Leave out all pictures. Extract exactly the lines from the one containing "Samen met dochter" through the end of the data.

**** The records

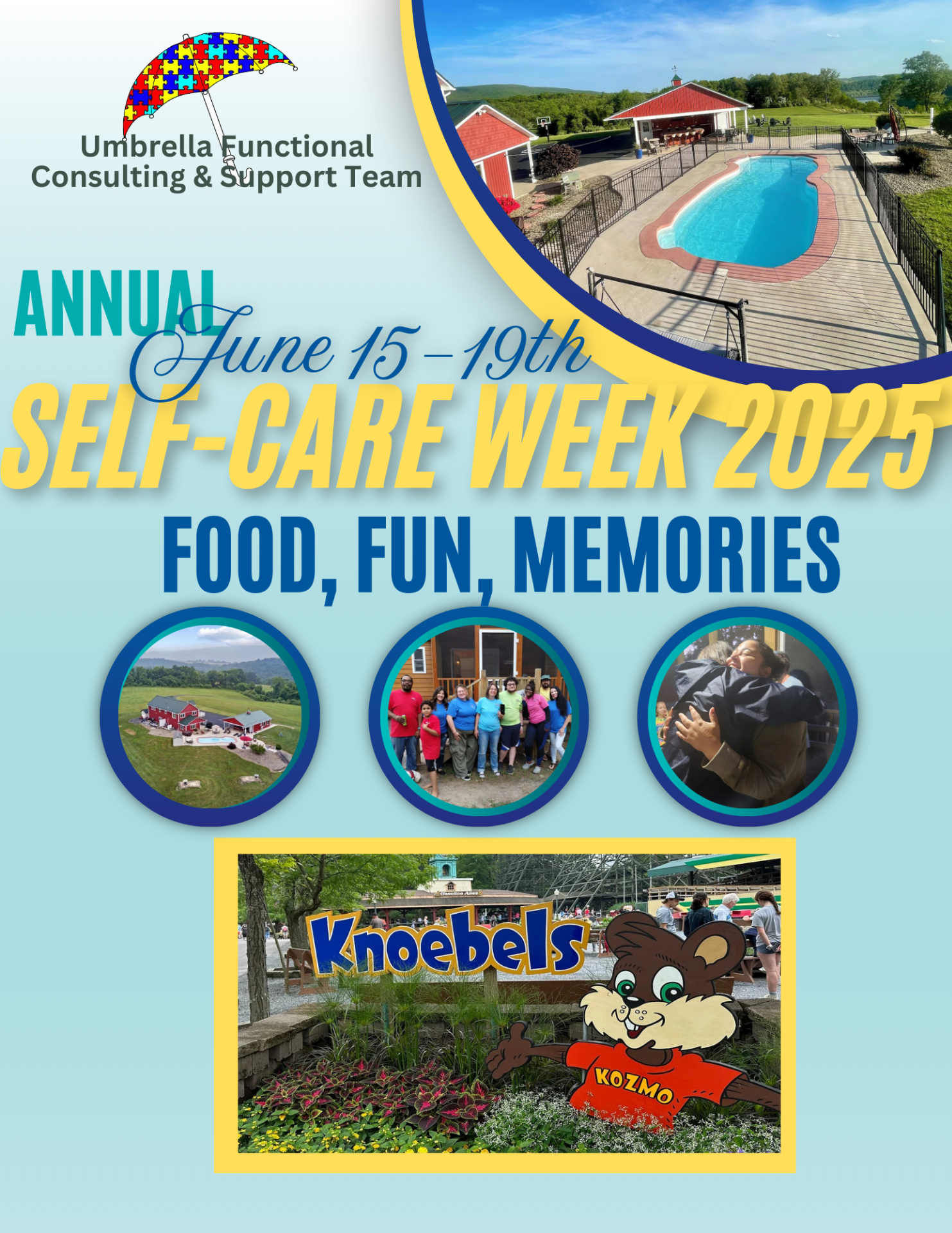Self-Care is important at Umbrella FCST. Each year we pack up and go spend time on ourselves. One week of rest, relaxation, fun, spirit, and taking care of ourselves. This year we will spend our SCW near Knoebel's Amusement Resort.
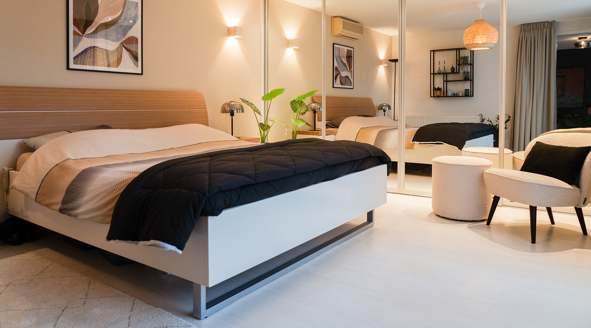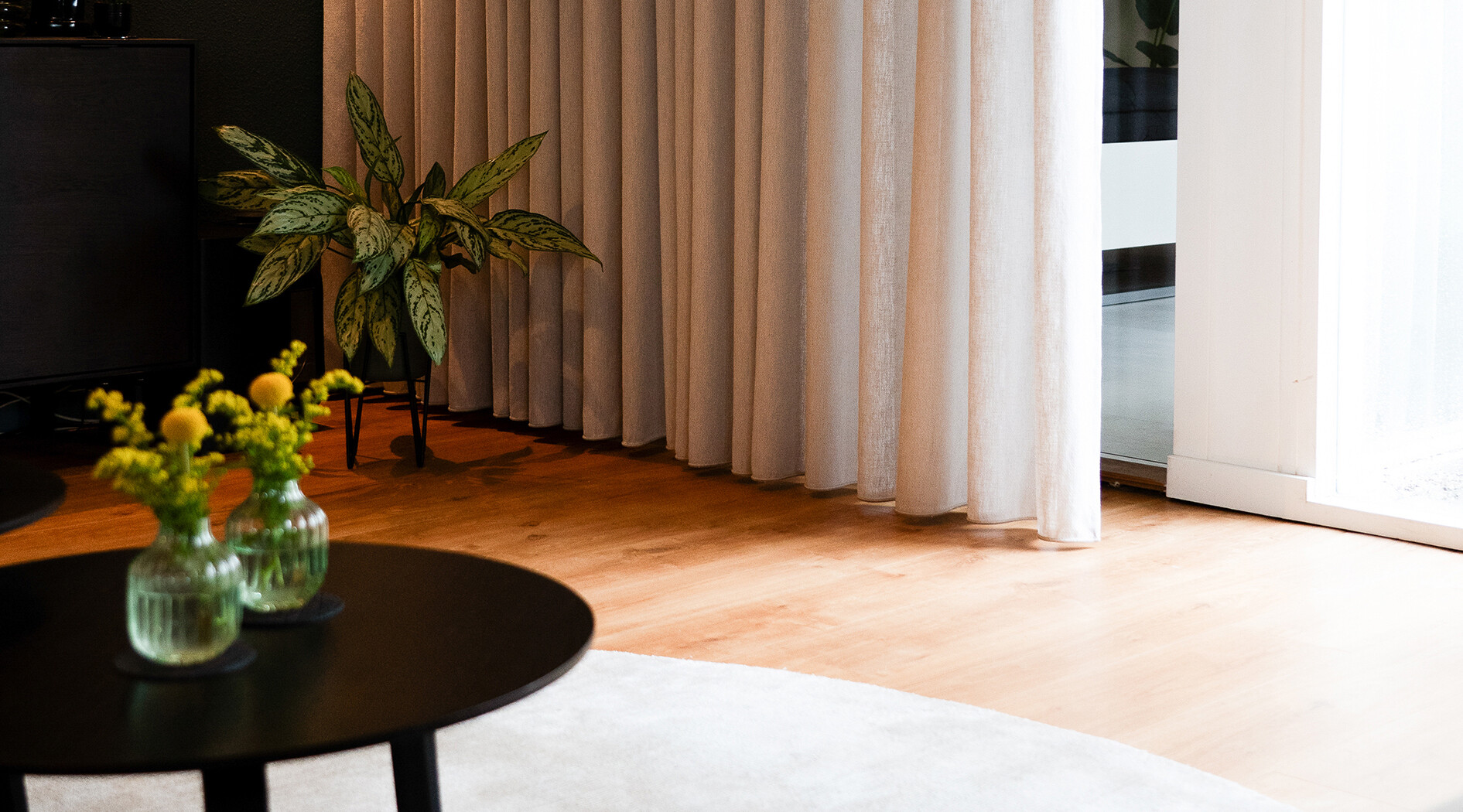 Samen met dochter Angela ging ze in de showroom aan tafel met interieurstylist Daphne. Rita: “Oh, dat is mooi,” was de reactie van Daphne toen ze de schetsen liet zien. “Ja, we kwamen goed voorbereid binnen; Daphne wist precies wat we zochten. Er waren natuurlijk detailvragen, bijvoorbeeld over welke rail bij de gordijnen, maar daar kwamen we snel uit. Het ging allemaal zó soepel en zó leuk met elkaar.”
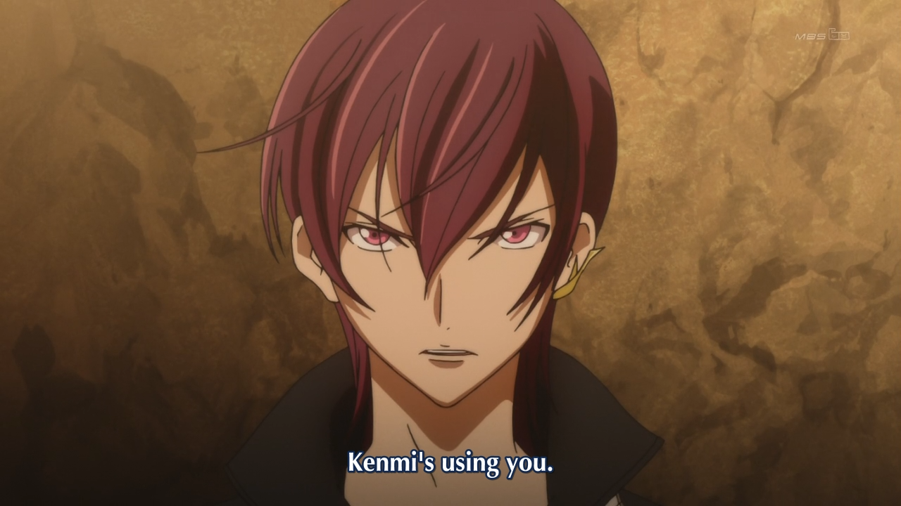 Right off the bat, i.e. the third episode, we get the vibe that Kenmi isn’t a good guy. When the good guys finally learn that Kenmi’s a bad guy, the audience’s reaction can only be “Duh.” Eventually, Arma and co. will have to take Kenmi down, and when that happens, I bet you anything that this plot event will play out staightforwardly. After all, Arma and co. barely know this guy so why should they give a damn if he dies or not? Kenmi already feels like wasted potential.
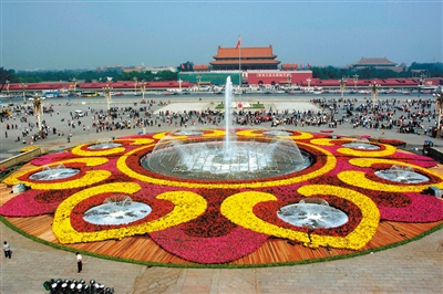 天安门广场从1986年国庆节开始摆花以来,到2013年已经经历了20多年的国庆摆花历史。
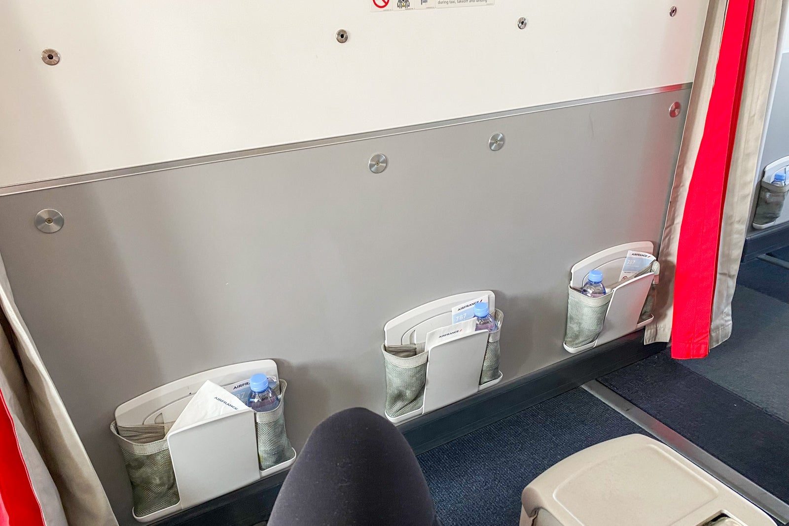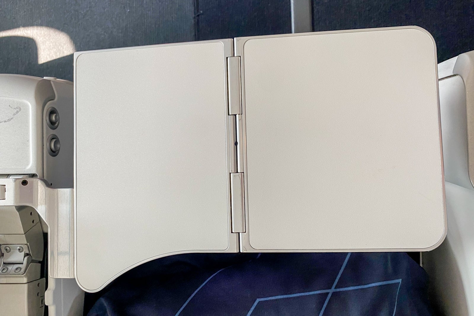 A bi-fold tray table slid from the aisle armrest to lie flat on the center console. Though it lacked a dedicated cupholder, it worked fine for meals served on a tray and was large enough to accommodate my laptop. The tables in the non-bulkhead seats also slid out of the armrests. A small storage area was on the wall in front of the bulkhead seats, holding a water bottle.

********

**Solved exercise:**
 Samen met dochter Angela ging ze in de showroom aan tafel met interieurstylist Daphne. Rita: “Oh, dat is mooi,” was de reactie van Daphne toen ze de schetsen liet zien. “Ja, we kwamen goed voorbereid binnen; Daphne wist precies wat we zochten. Er waren natuurlijk detailvragen, bijvoorbeeld over welke rail bij de gordijnen, maar daar kwamen we snel uit. Het ging allemaal zó soepel en zó leuk met elkaar.”
 Right off the bat, i.e. the third episode, we get the vibe that Kenmi isn’t a good guy. When the good guys finally learn that Kenmi’s a bad guy, the audience’s reaction can only be “Duh.” Eventually, Arma and co. will have to take Kenmi down, and when that happens, I bet you anything that this plot event will play out staightforwardly. After all, Arma and co. barely know this guy so why should they give a damn if he dies or not? Kenmi already feels like wasted potential.
 天安门广场从1986年国庆节开始摆花以来,到2013年已经经历了20多年的国庆摆花历史。
 A bi-fold tray table slid from the aisle armrest to lie flat on the center console. Though it lacked a dedicated cupholder, it worked fine for meals served on a tray and was large enough to accommodate my laptop. The tables in the non-bulkhead seats also slid out of the armrests. A small storage area was on the wall in front of the bulkhead seats, holding a water bottle.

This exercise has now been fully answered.